The average consistency values were $ζSQ=0.84±0.03, ζNR=0.98±0.01$⁠, and $ζOP=0.96±0.02$⁠, respectively, where here the expected value for random ratings was 0.75.¹⁴ 

In this study we investigated the importance and potential of phase-aware speech enhancement by means of listening experiments. Overall, the phase-aware amplitude estimator PAA⁵ achieved a higher noise reduction and was preferred by the majority of listeners over its conventional phase-blind counterpart PBA,¹⁰ even when the clean speech phase was blindly estimated.
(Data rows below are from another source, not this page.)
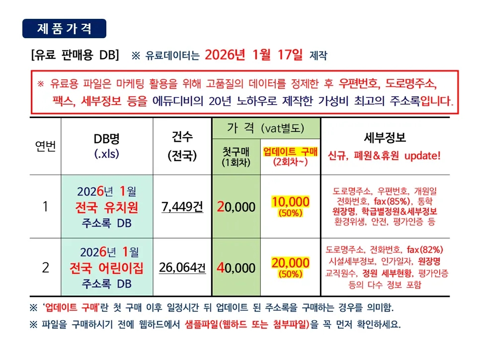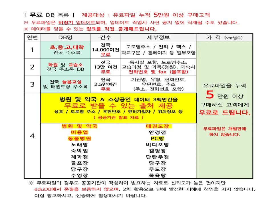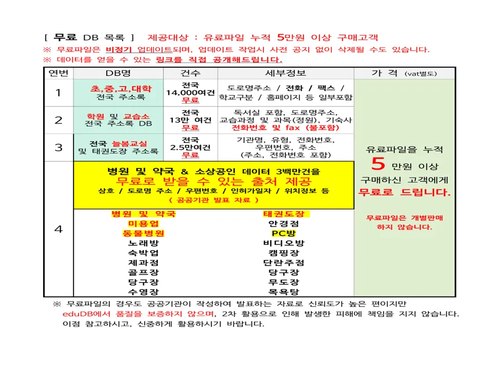 EduDB에서는 현금영수증(세금계산서와 효과 동일) 발행이 가능하며, 사업자 번호를 보내주시면 발급해 드립니다. 아래 금액은
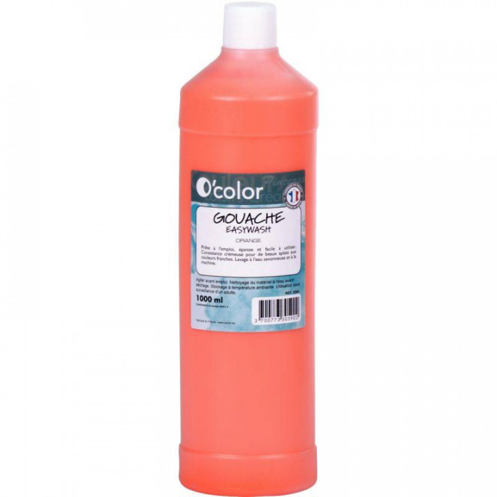 Flacon 1 L de gouache liquide économique O'COLOR coloris orange. Gouache EASYWASH lavable à l'eau savonneuse et à la machine. Prête à l'emploi, épaisse et facile à utiliser. Consistance crémeuse pour de beaux aplats aux couleurs franches. Agiter avant emploi. Nettoyage du matériel à l'eau avant séchage. Stockage à température ambiante.
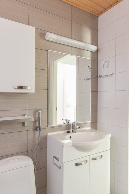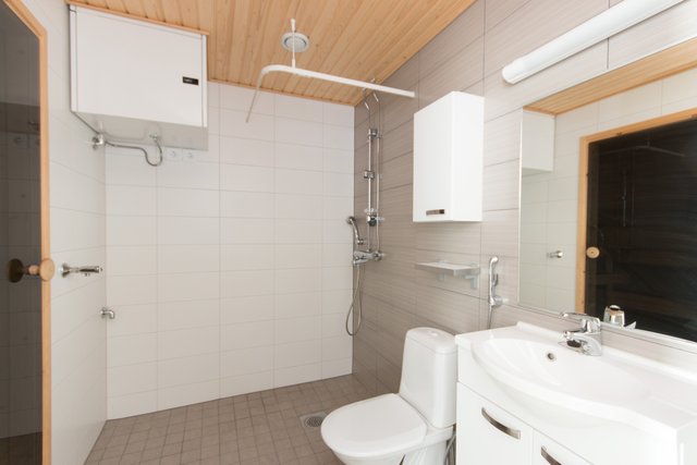 - WC-istuin, suihku, pesukoneliitäntä, peilikaappi, allaskaappi, bidee-suihku, suihkuseinä, ja lattialämmitys
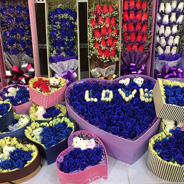 玫瑰有的五块八块一把 我买的15一把17支的双色玫瑰 活了三天了还挺好 北京不常见很喜欢。蓝色妖姬就是干花自己染色的15一把10支扎手的很 不过以前没买过蓝色妖姬不懂 尝试下。向日葵双花瓣的10元五朵。普通的向日...
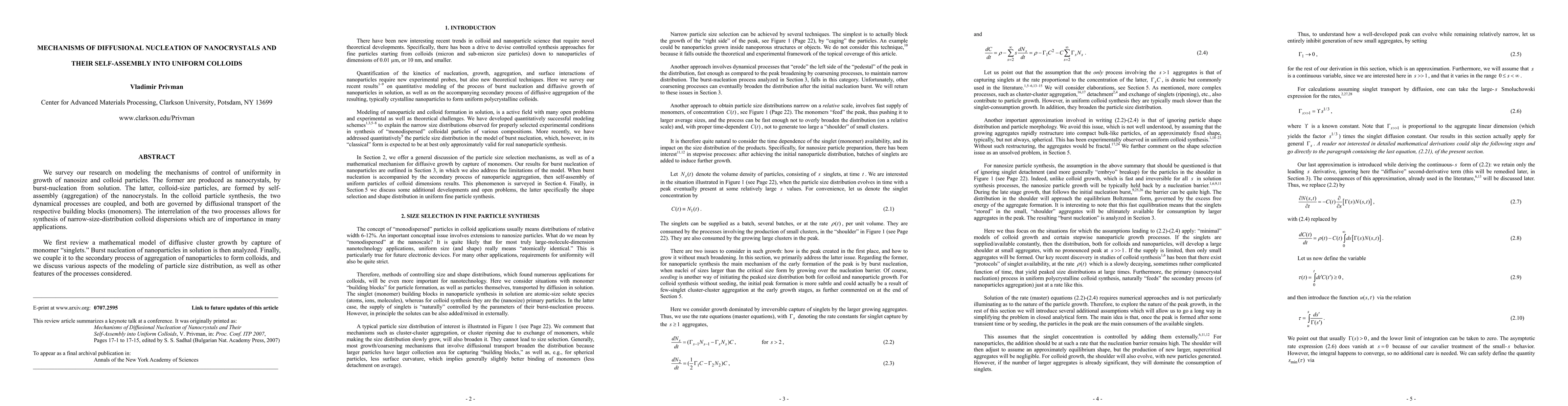 This paper models the mechanisms of diffusional nucleation and self-assembly of nanocrystals into uniform colloids, focusing on the coupled dynamical processes governed by monomer diffusion. It discusses the mathematical model for diffusive cluster growth and analyzes burst nucleation and aggregation to form colloids with narrow size distributions.

The results further indicate that utilizing the clean spectral phase only to improve the amplitude estimation as in PAA is more robust than using the phase also for signal reconstruction as in PAC. The improvements were most prominent in acoustically challenging scenarios, i.e., for highly non-stationary noise, where conventional clean speech estimators suffer from erroneous estimates of the speech and the noise PSDs. In such situations the benefit of the phase information is most valuable, as it gives additional means to distinguish speech from noise outliers. In contrast to other studies that used a modified spectral phase only for signal reconstruction, the improvements with phase-aware amplitude estimation have been achieved within a computationally efficient STFT setup without additional redundancies, i.e., without zero-padding and with consecutive windowed segments overlapping by only 50%.

This work was supported by the Project GE2538/2-1 and the Cluster of Excellence 1077 “Hearing4All,” both funded by the German Research Foundation (DFG).